◆ Work instruction ◆
In the listing below, find the line containing "NARZ Pinzetten Professionelle" and the line containing "Se desejar usar uma chave e certificado gerado". Repeat exactly those two lines and every line between them, nothing more.

◆ Input for this task ◆

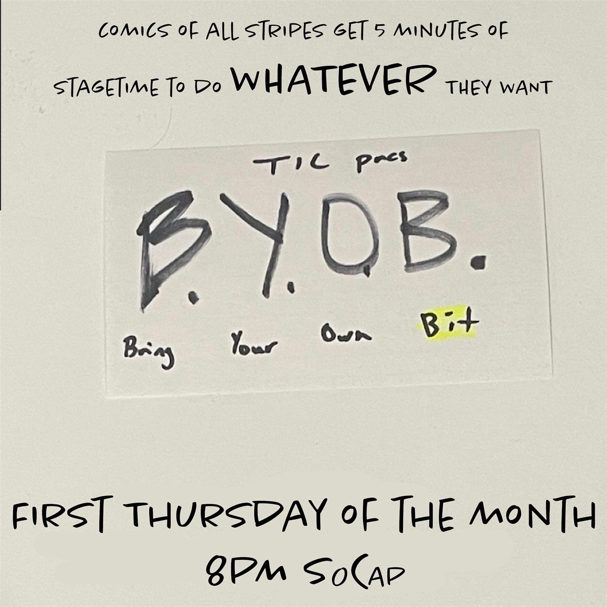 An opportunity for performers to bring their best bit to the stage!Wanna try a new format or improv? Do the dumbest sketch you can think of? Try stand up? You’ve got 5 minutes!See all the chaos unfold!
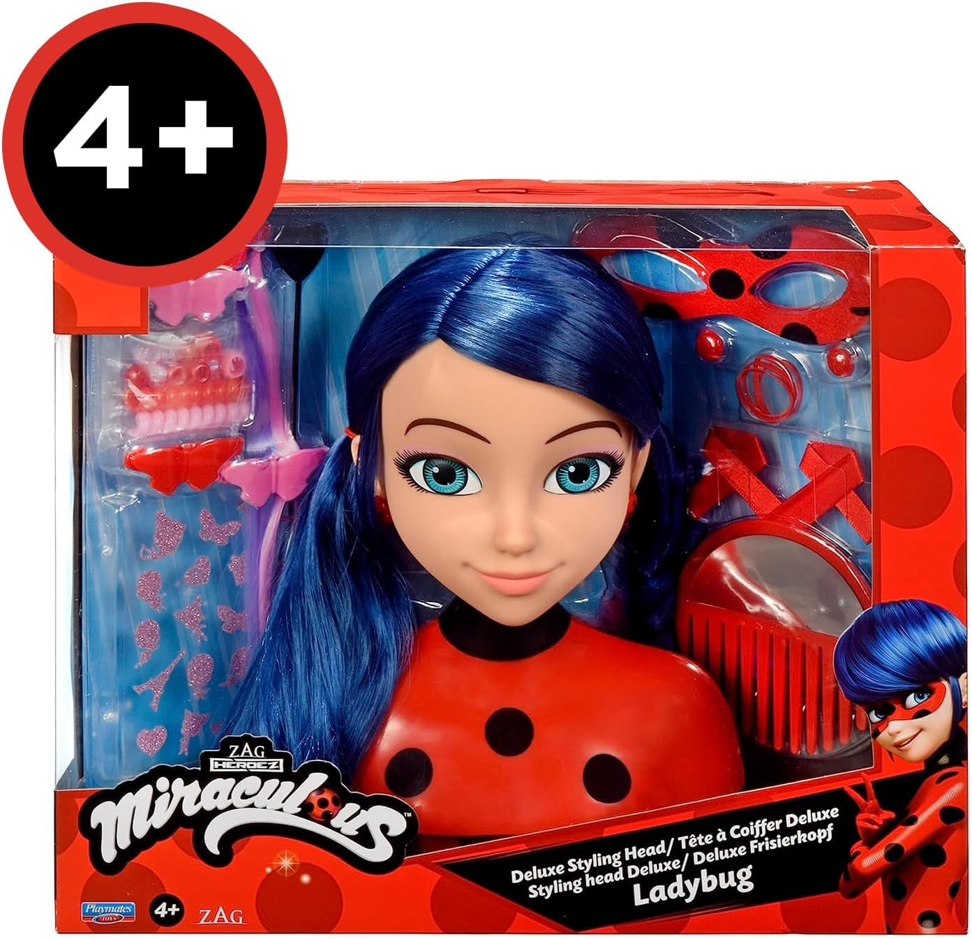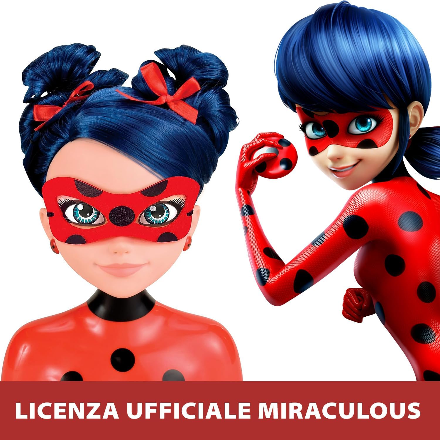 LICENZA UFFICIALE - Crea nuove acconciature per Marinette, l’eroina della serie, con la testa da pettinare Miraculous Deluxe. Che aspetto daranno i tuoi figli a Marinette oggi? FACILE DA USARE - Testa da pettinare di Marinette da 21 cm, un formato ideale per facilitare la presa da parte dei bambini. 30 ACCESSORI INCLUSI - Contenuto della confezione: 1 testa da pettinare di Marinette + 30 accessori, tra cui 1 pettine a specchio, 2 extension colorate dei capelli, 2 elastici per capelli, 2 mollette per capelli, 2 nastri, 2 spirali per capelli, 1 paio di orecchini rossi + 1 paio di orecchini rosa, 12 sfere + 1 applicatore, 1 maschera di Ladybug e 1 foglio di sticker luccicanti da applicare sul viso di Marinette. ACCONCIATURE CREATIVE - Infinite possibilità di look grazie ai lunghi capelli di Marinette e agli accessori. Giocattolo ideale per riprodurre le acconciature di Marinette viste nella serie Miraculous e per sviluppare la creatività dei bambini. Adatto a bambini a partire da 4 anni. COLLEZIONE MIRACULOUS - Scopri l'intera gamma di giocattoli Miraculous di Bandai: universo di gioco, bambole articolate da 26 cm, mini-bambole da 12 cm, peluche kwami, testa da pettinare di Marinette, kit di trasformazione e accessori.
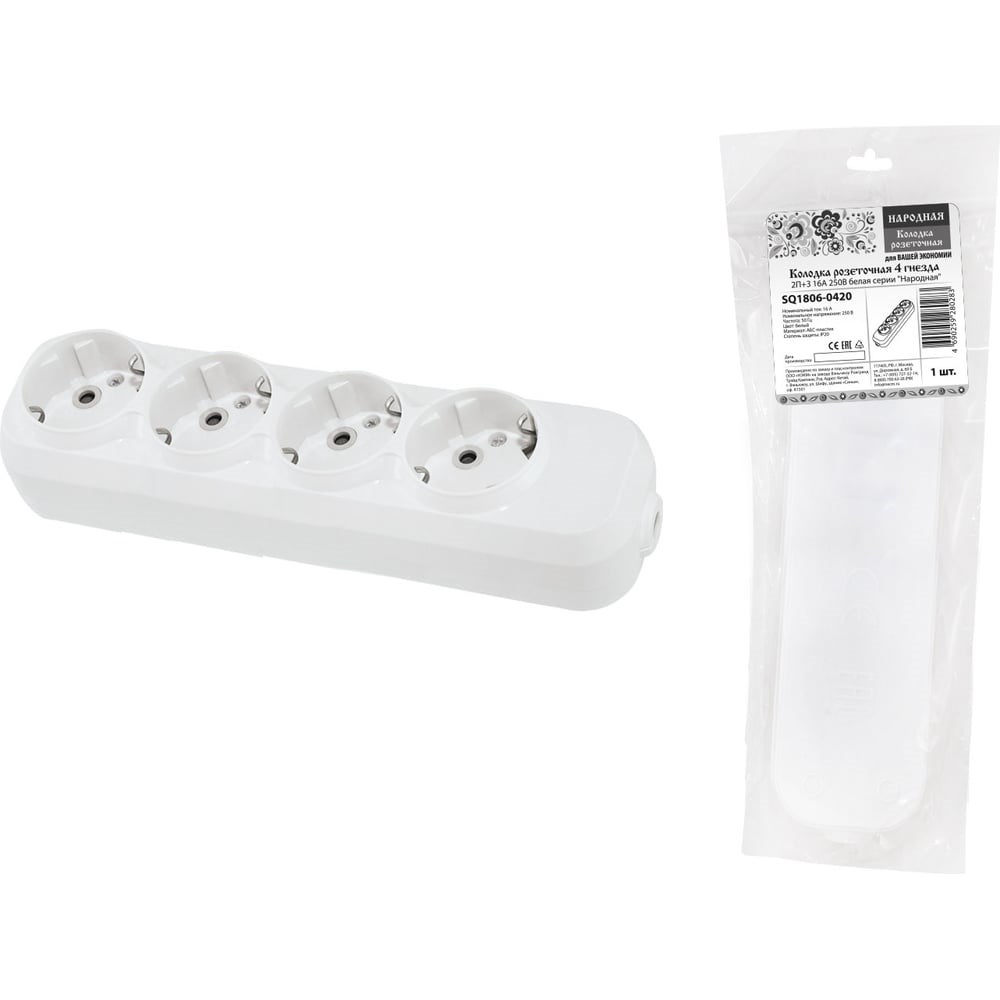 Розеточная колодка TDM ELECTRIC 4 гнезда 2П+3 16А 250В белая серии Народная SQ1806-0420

* * *

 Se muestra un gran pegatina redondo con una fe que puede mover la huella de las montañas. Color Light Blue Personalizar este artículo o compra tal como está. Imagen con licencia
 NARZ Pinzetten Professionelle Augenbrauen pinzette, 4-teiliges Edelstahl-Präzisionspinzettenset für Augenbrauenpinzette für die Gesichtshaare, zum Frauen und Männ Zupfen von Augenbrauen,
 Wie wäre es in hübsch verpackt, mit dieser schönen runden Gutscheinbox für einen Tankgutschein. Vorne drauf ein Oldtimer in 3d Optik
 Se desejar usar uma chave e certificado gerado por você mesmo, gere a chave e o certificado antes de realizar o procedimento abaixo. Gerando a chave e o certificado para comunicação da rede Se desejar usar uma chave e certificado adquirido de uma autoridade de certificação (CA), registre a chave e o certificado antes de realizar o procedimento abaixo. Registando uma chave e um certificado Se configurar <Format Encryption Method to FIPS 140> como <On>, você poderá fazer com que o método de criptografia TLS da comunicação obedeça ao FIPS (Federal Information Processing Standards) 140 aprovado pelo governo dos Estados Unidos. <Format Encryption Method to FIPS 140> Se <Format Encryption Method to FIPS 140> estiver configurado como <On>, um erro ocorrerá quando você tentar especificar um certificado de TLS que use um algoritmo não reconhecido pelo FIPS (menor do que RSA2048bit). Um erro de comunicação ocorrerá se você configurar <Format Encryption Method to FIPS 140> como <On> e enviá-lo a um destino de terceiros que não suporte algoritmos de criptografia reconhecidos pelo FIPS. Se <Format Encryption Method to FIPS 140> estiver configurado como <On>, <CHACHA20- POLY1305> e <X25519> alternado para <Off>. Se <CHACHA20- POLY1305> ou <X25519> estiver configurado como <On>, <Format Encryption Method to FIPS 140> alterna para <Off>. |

◆ Written solution ◆
 NARZ Pinzetten Professionelle Augenbrauen pinzette, 4-teiliges Edelstahl-Präzisionspinzettenset für Augenbrauenpinzette für die Gesichtshaare, zum Frauen und Männ Zupfen von Augenbrauen,
 Wie wäre es in hübsch verpackt, mit dieser schönen runden Gutscheinbox für einen Tankgutschein. Vorne drauf ein Oldtimer in 3d Optik
 Se desejar usar uma chave e certificado gerado por você mesmo, gere a chave e o certificado antes de realizar o procedimento abaixo. Gerando a chave e o certificado para comunicação da rede Se desejar usar uma chave e certificado adquirido de uma autoridade de certificação (CA), registre a chave e o certificado antes de realizar o procedimento abaixo. Registando uma chave e um certificado Se configurar <Format Encryption Method to FIPS 140> como <On>, você poderá fazer com que o método de criptografia TLS da comunicação obedeça ao FIPS (Federal Information Processing Standards) 140 aprovado pelo governo dos Estados Unidos. <Format Encryption Method to FIPS 140> Se <Format Encryption Method to FIPS 140> estiver configurado como <On>, um erro ocorrerá quando você tentar especificar um certificado de TLS que use um algoritmo não reconhecido pelo FIPS (menor do que RSA2048bit). Um erro de comunicação ocorrerá se você configurar <Format Encryption Method to FIPS 140> como <On> e enviá-lo a um destino de terceiros que não suporte algoritmos de criptografia reconhecidos pelo FIPS. Se <Format Encryption Method to FIPS 140> estiver configurado como <On>, <CHACHA20- POLY1305> e <X25519> alternado para <Off>. Se <CHACHA20- POLY1305> ou <X25519> estiver configurado como <On>, <Format Encryption Method to FIPS 140> alterna para <Off>. |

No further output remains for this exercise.